**Supplied data**.
= = = = = = =

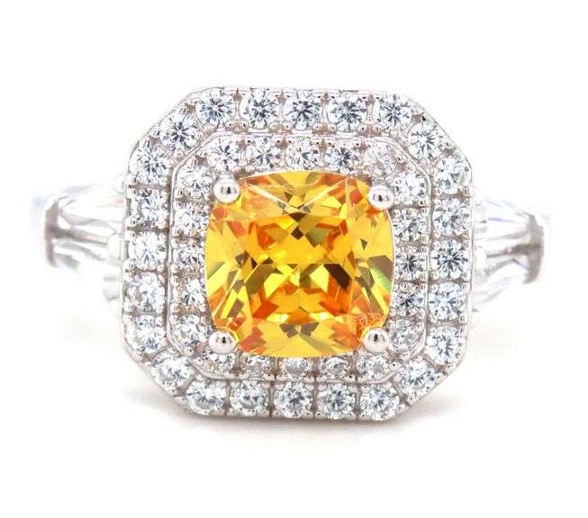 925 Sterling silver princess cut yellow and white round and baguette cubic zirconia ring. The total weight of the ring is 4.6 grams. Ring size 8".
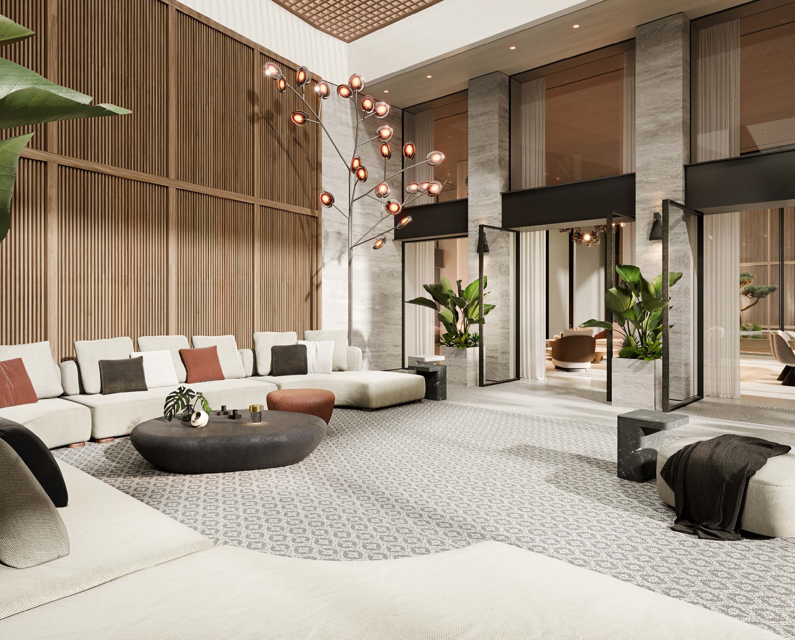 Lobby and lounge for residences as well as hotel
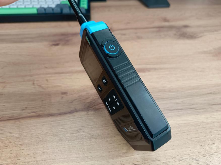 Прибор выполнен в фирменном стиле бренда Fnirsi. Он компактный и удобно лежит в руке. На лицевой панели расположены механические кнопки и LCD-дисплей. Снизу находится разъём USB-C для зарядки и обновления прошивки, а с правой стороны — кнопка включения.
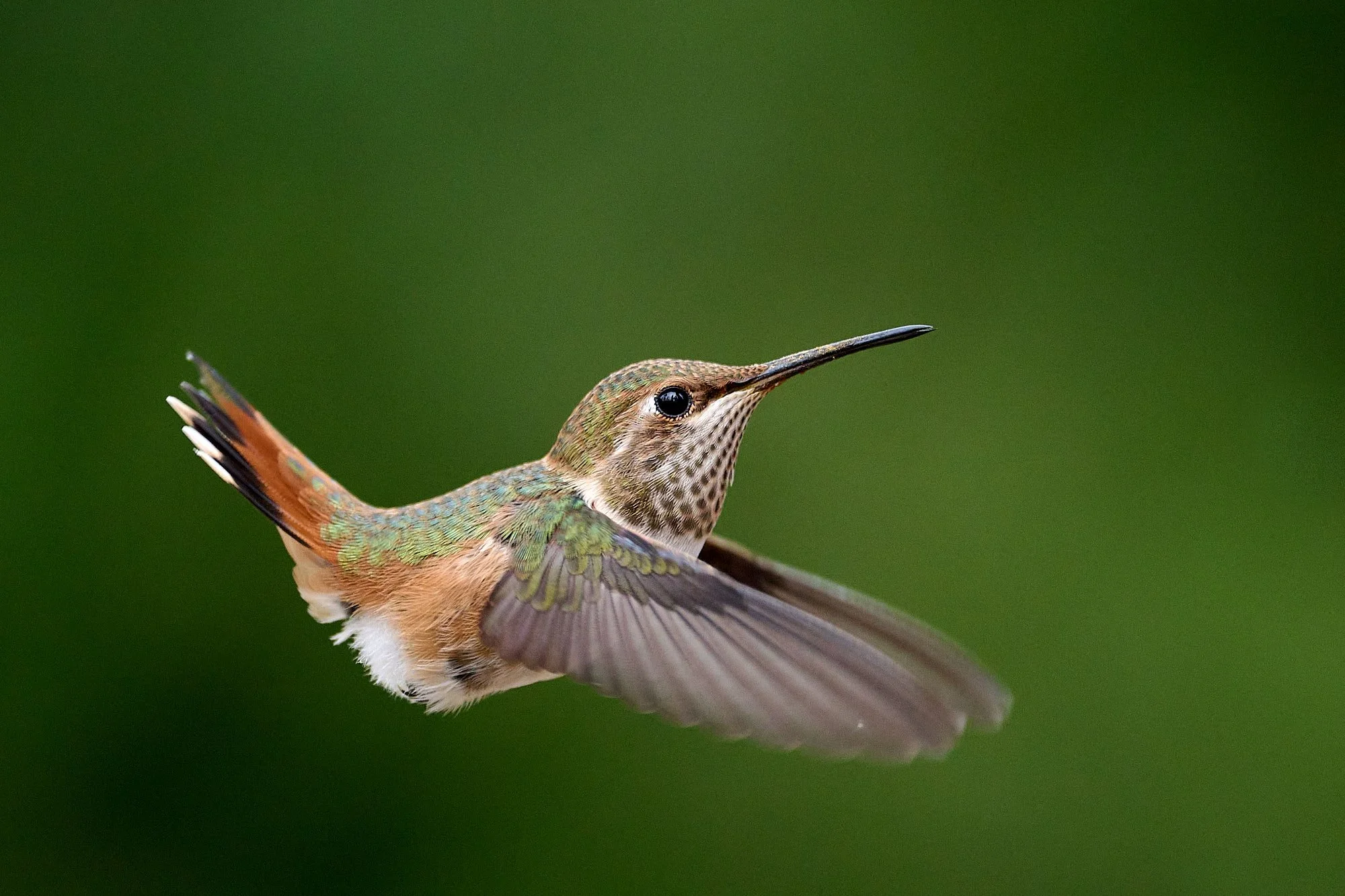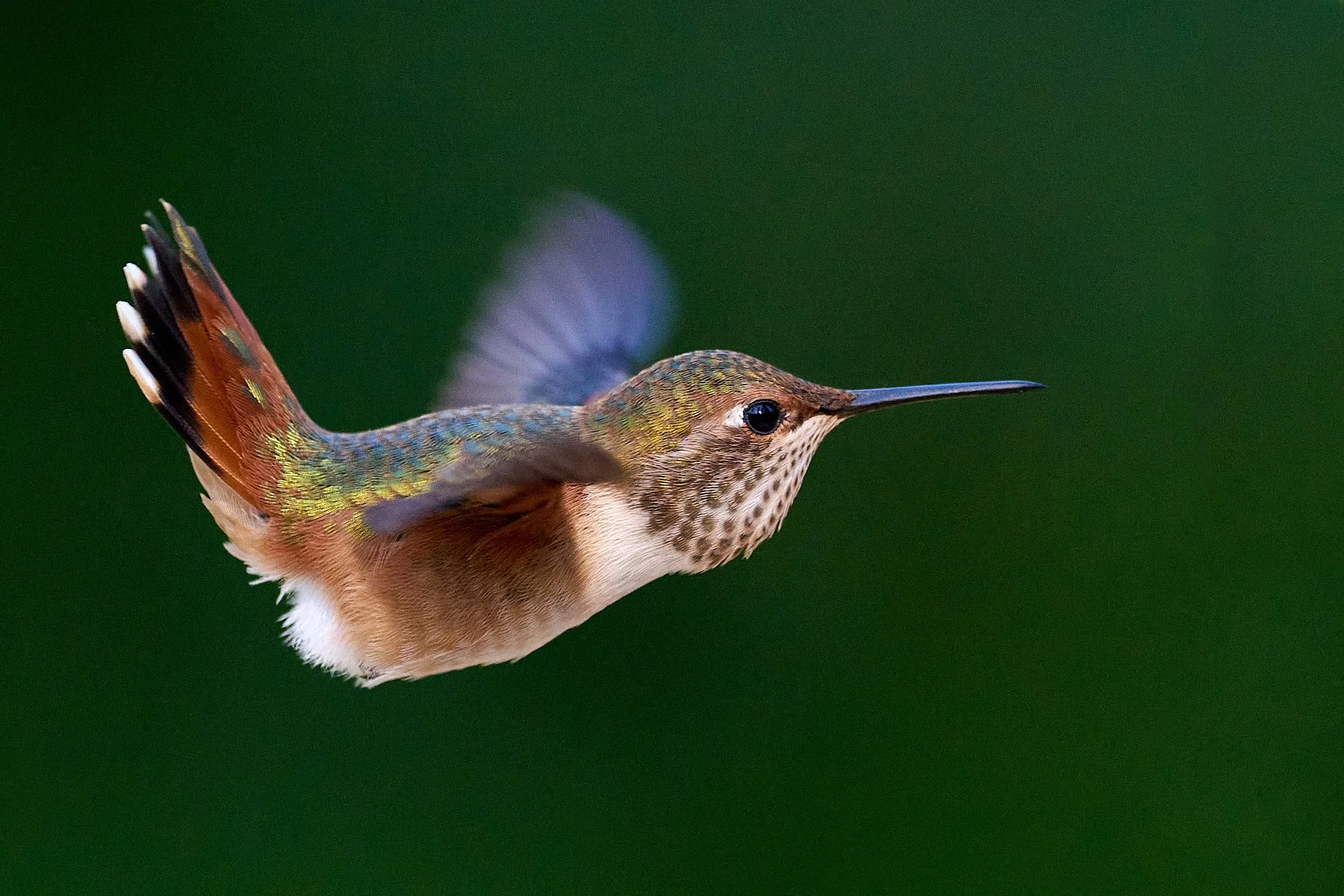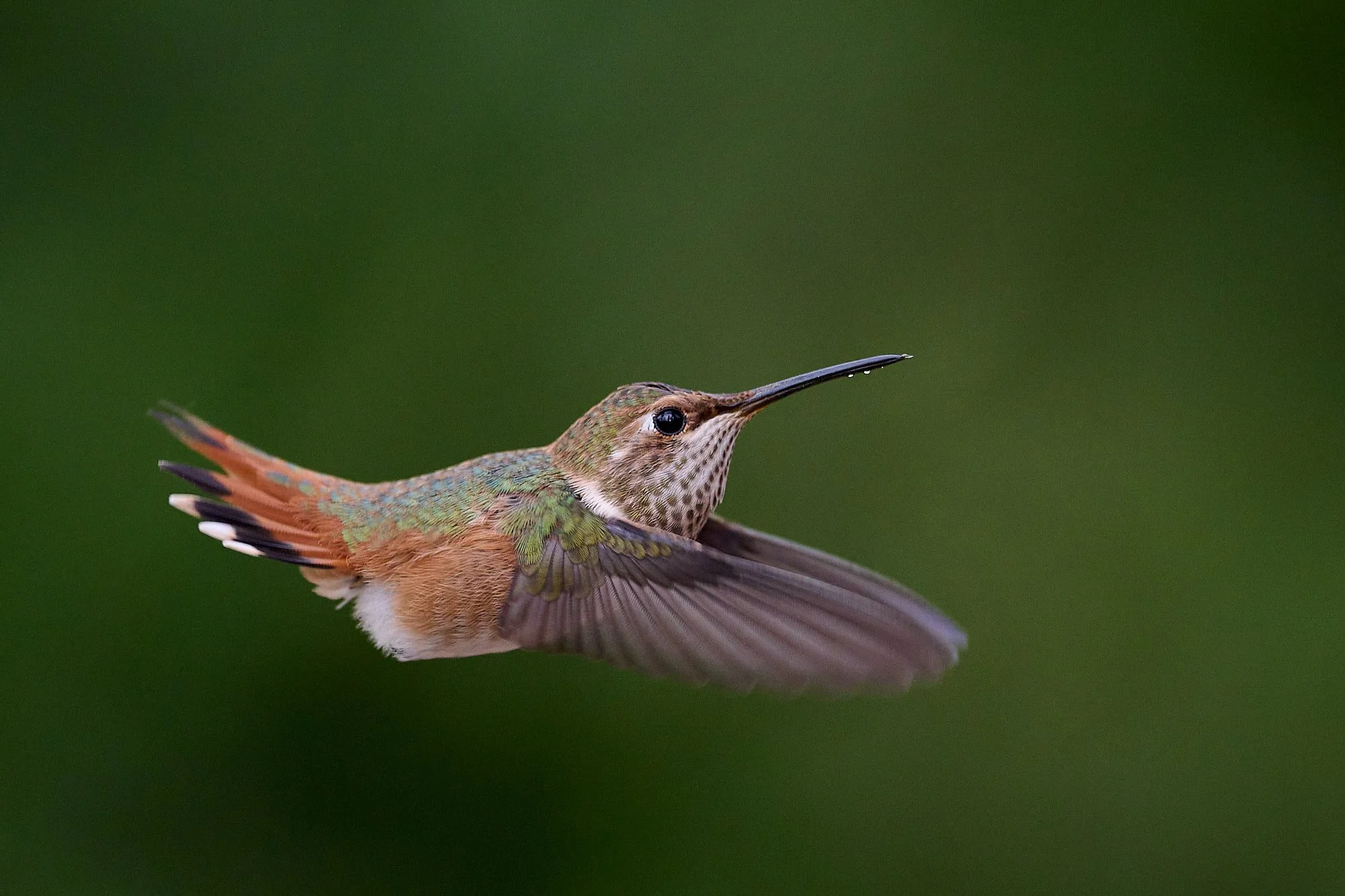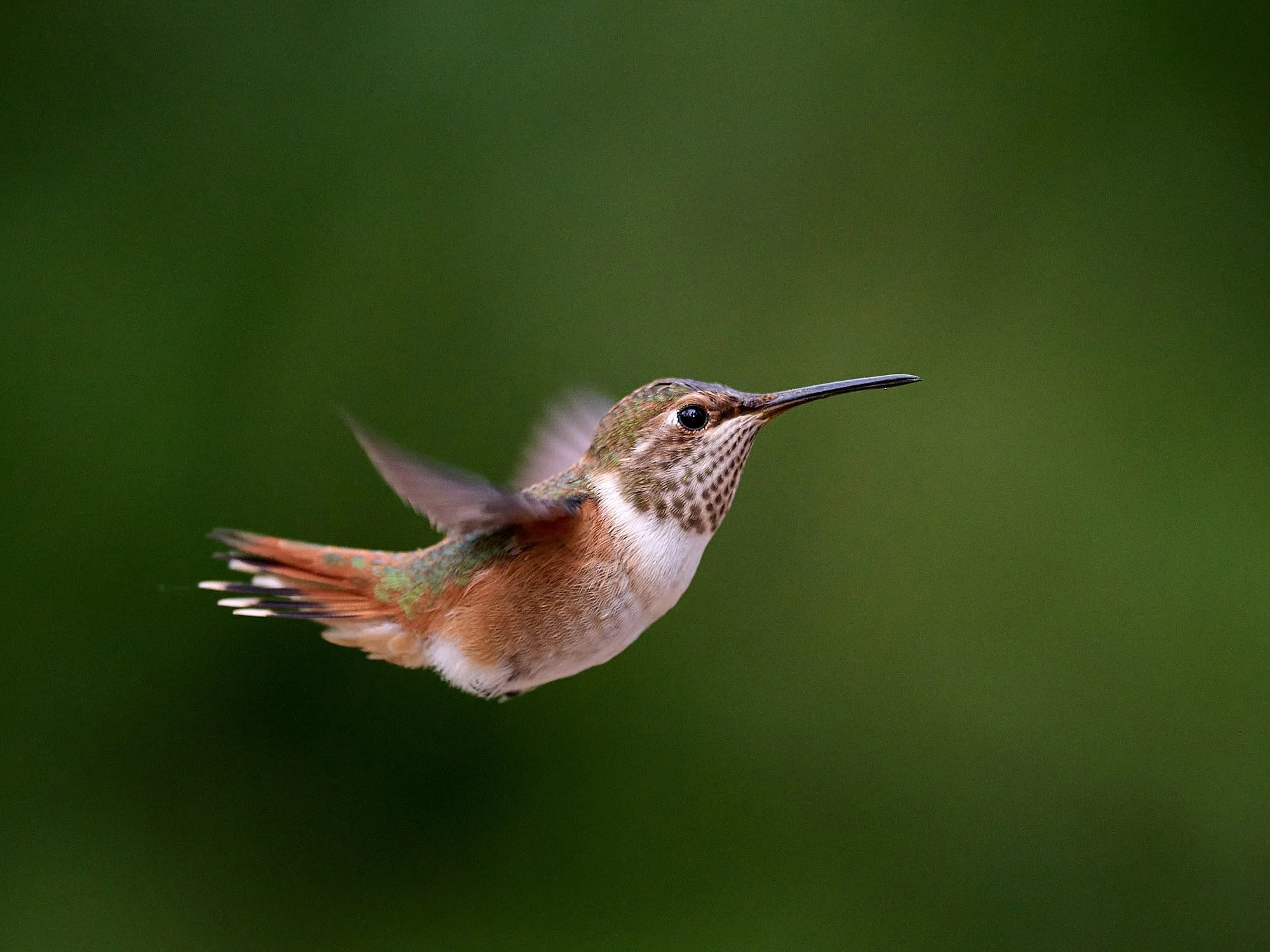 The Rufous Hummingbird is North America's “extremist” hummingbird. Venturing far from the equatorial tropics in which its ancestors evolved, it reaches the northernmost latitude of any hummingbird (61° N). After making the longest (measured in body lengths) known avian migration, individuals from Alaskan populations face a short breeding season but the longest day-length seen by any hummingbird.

= = = = = = =

**How to complete this task**.
Could you transcribe all of the data exactly, keeping every picture out of the copy?

**Solution to this problem**.
 925 Sterling silver princess cut yellow and white round and baguette cubic zirconia ring. The total weight of the ring is 4.6 grams. Ring size 8".
 Lobby and lounge for residences as well as hotel
 Прибор выполнен в фирменном стиле бренда Fnirsi. Он компактный и удобно лежит в руке. На лицевой панели расположены механические кнопки и LCD-дисплей. Снизу находится разъём USB-C для зарядки и обновления прошивки, а с правой стороны — кнопка включения.
 The Rufous Hummingbird is North America's “extremist” hummingbird. Venturing far from the equatorial tropics in which its ancestors evolved, it reaches the northernmost latitude of any hummingbird (61° N). After making the longest (measured in body lengths) known avian migration, individuals from Alaskan populations face a short breeding season but the longest day-length seen by any hummingbird.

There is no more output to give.